Intel® Moderncode for Parallel Architectures
Support for developing parallel programming applications on Intel® Architecture.
1694 Discussions

Ensuring the completion of DMA write in coherent buffers


Hello All,

Are Individual DMA writes to coherent memory atomic OR is it done in discrete chunks (of size cacheline)

I am curious to know if DMA writes to coherent memory (allocated by dma_alloc_coherent) by PCIe device are re-ordered somehow e.g. PCH reorders memory stores for optimizations OR cache infrastructure flushes the cacheline to memory not in the order in which DMA writes are issued etc.


  1. Coherent buffers are allocated in kernel using dma_alloc_cohernet and mapped to userspace using mmap().

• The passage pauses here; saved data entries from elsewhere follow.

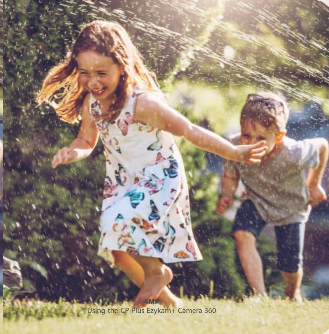
4MP Using the CP Plus Ezykam+ Camera 360
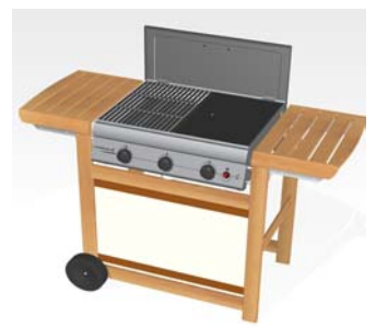
ADELAÏDE 3 WOODY
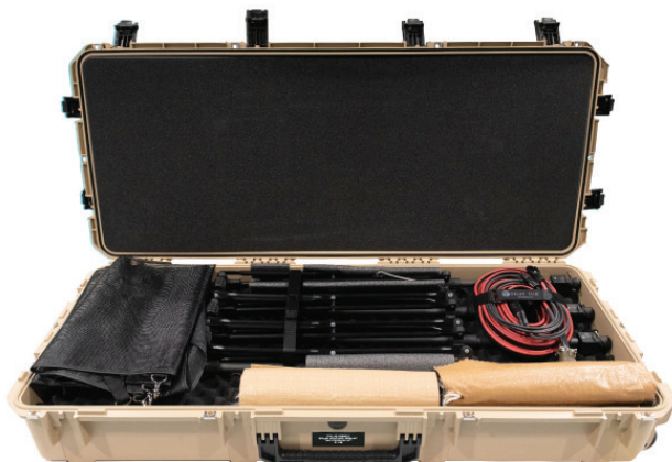
Hard transport case with open lid

*Based on five hours of solar irradiance
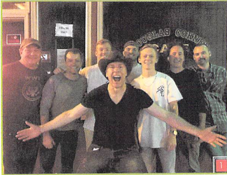
Whiskey Trippers and Springboard Volunteers
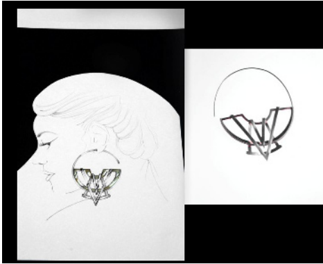
Fig. 6. Fourth grade, "Letter" themed student design and application
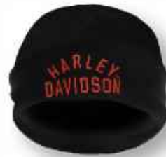
B. POLAR FLEECE BEANIE 7254502 - Newborn/Infant 6-24m Embroidered
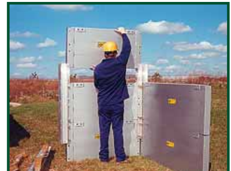
2. Panels are set into corner end posts.
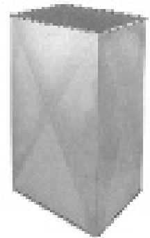
No. 1075 'B' STYLE PLENUM

Buffer is slotted in to 256 Bytes chunks.
  2. Our proprietary device issues 256 Bytes single DMA write to these chunks over PCIe bus.
  3. Software detects availability of new data by polling on first 2 bytes and last 8 bytes of single chunk.
  4. After detecting the arrival of fresh data, CPU reads the 256 bytes chunk.
  5. Sfence and lfence is used before reading the chunk.



Reading 256 bytes coherent memory by CPU gives the unexpected (stale) data at random location within chunk (between of first and last Qword of chunk), however CPU can read the expected data after some time.



Can someone explain the Observed behaviour?  And Suggest solution to take care of this.

0 Kudos
1 Reply
Black Belt

Unfortunately I can only answer part of this question....

DMA writes from the device to system memory traverse at least two protocols.  

  1. In the first step, the device sends a PCIe Memory Write transaction to the PCIe controller.
    • PCIe allows payload sizes up to 4096 Bytes, but this will be limited to the smaller of the sizes supported by the root complex and the device.  Since the root complex belongs to the CPU, it is out of your control, and it may limit payloads to less than 256 Bytes.
  2. In the second step, the PCIe controller on the processor chip sends the data to "system memory" using the processors proprietary on-chip fabric protocol.
    • These protocols are optimized for transferring 64 Byte cache lines around the system, so it would not be surprising if no larger sizes were supported "natively".   Section 8.1 of Volume 3 of the Intel Architectures Software Developer's Manual (document 325384-071, October 2019) describes the minimal set of transaction types that are guaranteed to be atomic.
    • This is especially likely given Intel's approach to handling coherence -- consecutive cache line addresses are mapped to (a permutation on) the set of Caching and Home Agents (CHAs), with up to 28 CHAs per chip (or 38 on Xeon Phi x200).  
    • On Xeon Scalable Processors (SKX & CLX), the interface between IO and coherent memory is a box called the IRP.  (This is minimally documented in the Scalable Memory Family Uncore Performance Monitoring Manual, document 336274.)  Any ordering relationships within a sequence of 64-Byte (or smaller) transactions would have to be managed by the IRP (but I don't know of any real description of what the IRP does or how it works.)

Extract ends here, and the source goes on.